_TASK DIRECTIONS_. The answer is a stretch of the material below, returned exactly: the line containing "L'edificio sorge all'interno", the line containing "安全技術(shù)防范工程設", and all lines between.

_THE DATA_.
==========

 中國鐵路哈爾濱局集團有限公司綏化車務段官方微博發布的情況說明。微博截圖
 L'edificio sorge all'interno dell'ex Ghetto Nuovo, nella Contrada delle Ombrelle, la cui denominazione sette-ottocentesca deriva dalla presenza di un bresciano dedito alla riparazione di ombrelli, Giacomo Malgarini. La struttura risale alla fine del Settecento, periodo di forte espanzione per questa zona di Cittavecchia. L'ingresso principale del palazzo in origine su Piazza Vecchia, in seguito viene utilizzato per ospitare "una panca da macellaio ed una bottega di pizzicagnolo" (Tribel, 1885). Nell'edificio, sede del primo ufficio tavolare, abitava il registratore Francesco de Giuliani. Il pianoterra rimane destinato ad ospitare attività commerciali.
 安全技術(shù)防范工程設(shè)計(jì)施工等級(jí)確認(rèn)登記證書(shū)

==========

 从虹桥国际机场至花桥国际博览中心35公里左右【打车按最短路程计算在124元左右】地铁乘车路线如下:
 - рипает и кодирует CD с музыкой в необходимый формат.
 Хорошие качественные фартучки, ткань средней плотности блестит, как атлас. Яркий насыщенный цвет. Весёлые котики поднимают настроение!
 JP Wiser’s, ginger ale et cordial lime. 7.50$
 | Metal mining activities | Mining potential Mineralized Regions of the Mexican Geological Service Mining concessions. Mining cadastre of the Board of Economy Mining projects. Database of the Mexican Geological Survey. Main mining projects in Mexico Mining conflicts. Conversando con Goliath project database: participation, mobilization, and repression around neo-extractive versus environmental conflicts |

==========

_RESPONSE_.
 L'edificio sorge all'interno dell'ex Ghetto Nuovo, nella Contrada delle Ombrelle, la cui denominazione sette-ottocentesca deriva dalla presenza di un bresciano dedito alla riparazione di ombrelli, Giacomo Malgarini. La struttura risale alla fine del Settecento, periodo di forte espanzione per questa zona di Cittavecchia. L'ingresso principale del palazzo in origine su Piazza Vecchia, in seguito viene utilizzato per ospitare "una panca da macellaio ed una bottega di pizzicagnolo" (Tribel, 1885). Nell'edificio, sede del primo ufficio tavolare, abitava il registratore Francesco de Giuliani. Il pianoterra rimane destinato ad ospitare attività commerciali.
 安全技術(shù)防范工程設(shè)計(jì)施工等級(jí)確認(rèn)登記證書(shū)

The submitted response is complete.